Appeals are unlike trials. They do not involve the presentation of any new evidence. Rather, the appellate judges make their decision based on the written record of the evidence presented in the trial court (called the “appellate record”). Almost all appeals are limited to two issues: was there enough evidence presented to support the factual findings by the judge or jury, and did the trial judge correctly apply the law?

In answering the first question, the appellate court will not redetermine the factual issue. It will simply review the record and decide whether there was “substantial evidence” to support the factual findings.   

In answering whether the trial court applied the law correctly, the appellate court will review pure legal rulings independently. This means that it will decide the issue without regard to how the trial court resolved it, reaching the position that it believes is correct. Not all issues the trial court decides are legal issues. Many, if not most, are issues on which the trial court has discretion to decide as it thinks appropriate, given the circumstances. Examples of these kinds of discretionary rulings include whether a party seeking to have a deadline extended has presented “good cause” to support its request, or whether certain evidence should not be presented to the jury because it was likely to be too confusing.
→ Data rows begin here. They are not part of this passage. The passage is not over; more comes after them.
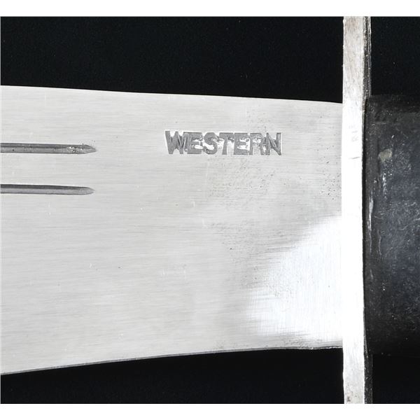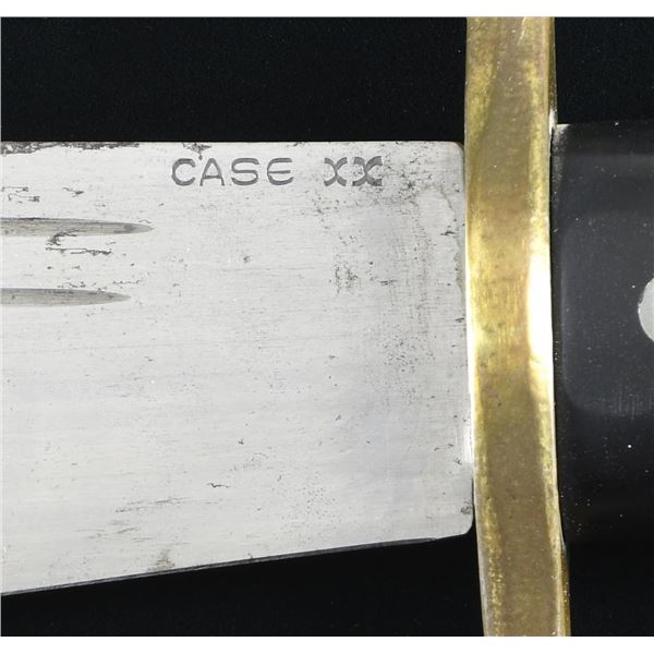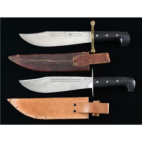 These knives were developed for flying personnel & were also used by the 2nd US Marine Raider Battalion. These knives were made under contract by Case, Western, Kinfolks & Collins. The Western made knives are the most scarce. 1: Western V44 has a 9 1/4 Bowie style blade w/ 2 longitudinal grooves. 14 1/2" overall. Blade is marked on the left side "WESTERN". Straight steel crossguard. 2 piece Bakelite grips retained by 3 steel rivets. Correct tan leather sheathe made w/ the large type rivets, leather belt loop & snap type retaining strap. CONDITION: knife has a very good appearance w/ only light handling wear. Metal parts retain their original bright finish. Sheathe has minor flexing at tip, light wear & scattered spots of staining. Stitching & rivets are tight. 2: Case V44. 9 3/8" blade. 14 1/4" overall. Bright blade w/ 2 longitudinal grooves on each side. Blade is marked on left side "CASE XX". Brass crossguard w/ ball finials. 1 piece Bakelite handle retained w/ 3 poured lead rivets. Correct unmarked brown leather sheathe. Belt loop made w/o retaining strap. Scabbard is made in 1 piece & stitched on reverse side. CONDITION: blade retains most of its bright finish w/ scattered small spots of oxidation throughout. Crossguard has turned a mild patina. Handle shows light wear & tiny handling marks. Sheathe has moderate wear, flexing & staining w/ notable flexing at tip. UNATTACHED ACCESSORIES: padded black nylon case. (02-23679/RW). NON-GUN. $600-900.
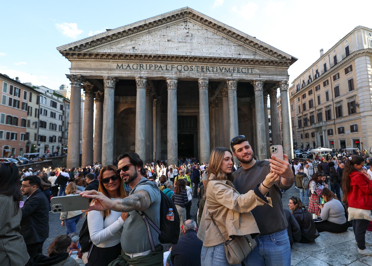 4月3日,游客在意大利首都罗马的万神殿前自拍合影。
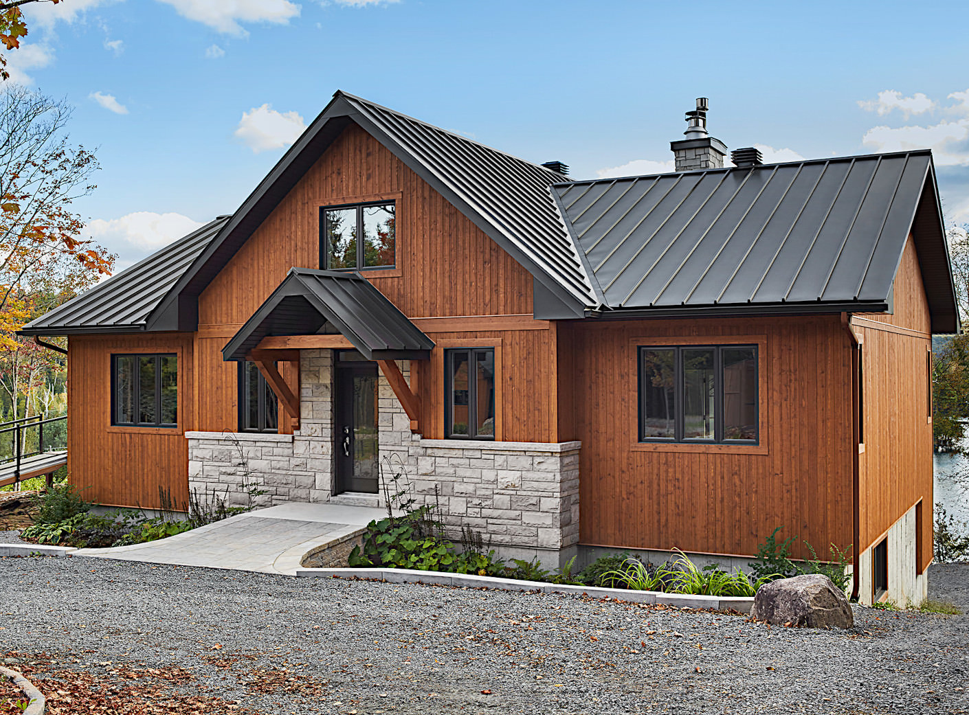 Un chalet avec une généreuse fenestration sur le lac, la nature et le soleil, offrant aux occupants la chance d'apprécier pleinement les saisons et les invitant à aller jouer dehors!

When appellate courts review discretionary rulings, they generally defer to the trial court’s ruling, and will overturn the ruling only if it was so arbitrary that no rational trial judge could have ruled as the trial court did.

Appellate courts decide appeals based on the appellate record and the arguments presented to the court in the parties’ briefs. The appealing party, called the “appellant,” will file an opening brief, which explains the relevant facts and makes its arguments for why the outcome being appealed was incorrect and should be reversed. The responding party, called the “respondent” in the California appellate courts and the “appellee” in the federal system, will file a brief that responds to the points made by the appellant. Finally, the appellant will file a reply brief, which responds to the points made by the responding party.

When the appellate court is ready to decide the appeal, it will sometimes hold “oral argument.” In the California system, the parties have a right to present argument of up to 30 minutes per side. (Some courts, however, will limit argument to 15 minutes, absent a special request for more time.) In the federal system, there is no right to present oral argument, and the appellate court will decide in each case whether it believes that argument would assist it in deciding the appeal. In the Ninth Circuit, when the court grants argument, each side will be given either 10, 15, or 20 minutes to present its position, depending on how complex the appellate court considers the case.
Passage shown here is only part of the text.